Single by Ryan Hurd

from the album Pelago
- Released: September 1, 2018
- Genre: Country
- Length: 2:58
- Label: RCA Nashville;
- Songwriters: Laura Veltz; Nathan Spicer; Ryan Hurd;
- Producers: Dann Huff; Aaron Eshuis;

Ryan Hurd singles chronology
| "Diamonds or Twine" (2018) | "To a T" (2018) | "Every Other Memory" (2020) |

Music video
- "To a T" on YouTube

= To a T (song) =

2018 song by Ryan Hurd

"To a T" is a song recorded by American country music singer Ryan Hurd. It was released on September 1, 2018, as the lead single from his EP Platonic. Hurd's wife Maren Morris sings the harmony vocals.

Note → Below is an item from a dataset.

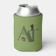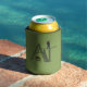 The letters "AT" in olive green are the foundation for the design on this can cooler. Incorporated into the lettering are some of the natural attractions of the Appalachian Trail including the silhouette of a wild pony, wildflowers, the silhouette of a hiker and an extra peak on the "A" to resemble mountains. The phrase "The Appalachian Trail" running along the inside of the wider leg of the "A" completes the design.

Hurd, Laura Veltz and Nathan Spicer are the song's writers.

==Background==
Hurd told PopCulture.com that "'To a T' is a love song, but it's like a sexy love song." He added, "the song title's double meaning are knowing someone 'To a T' and getting them into just a t-shirt is intentional."

==Music video==
The music video was released on February 15, 2019. It about real love and real people play every stage of a relationship from new beginnings to a senior couple dancing in the kitchen.

==Commercial performance==
As of January 2020, the song has sold 61,000 copies in US.

The song reached No. 23 on the Hot Country Songs chart, becoming Hurd's first entry.

==Charts==

===Weekly charts===

| Chart (2018–2020) | Peak position |
|---|---|
| Canada Country (Billboard) | 43 |
| US Bubbling Under Hot 100 (Billboard) | 3 |
| US Country Airplay (Billboard) | 22 |
| US Hot Country Songs (Billboard) | 23 |

===Year-end charts===

| Chart (2019) | Position |
|---|---|
| US Hot Country Songs (Billboard) | 62 |
| Chart (2020) | Position |
| US Hot Country Songs (Billboard) | 81 |

==Certifications==

| Region | Certification | Certified units/sales |
| Canada (Music Canada) | Gold | 40,000^{‡} |
| United States (RIAA) | Platinum | 1,000,000^{‡} |
^{‡} Sales+streaming figures based on certification alone.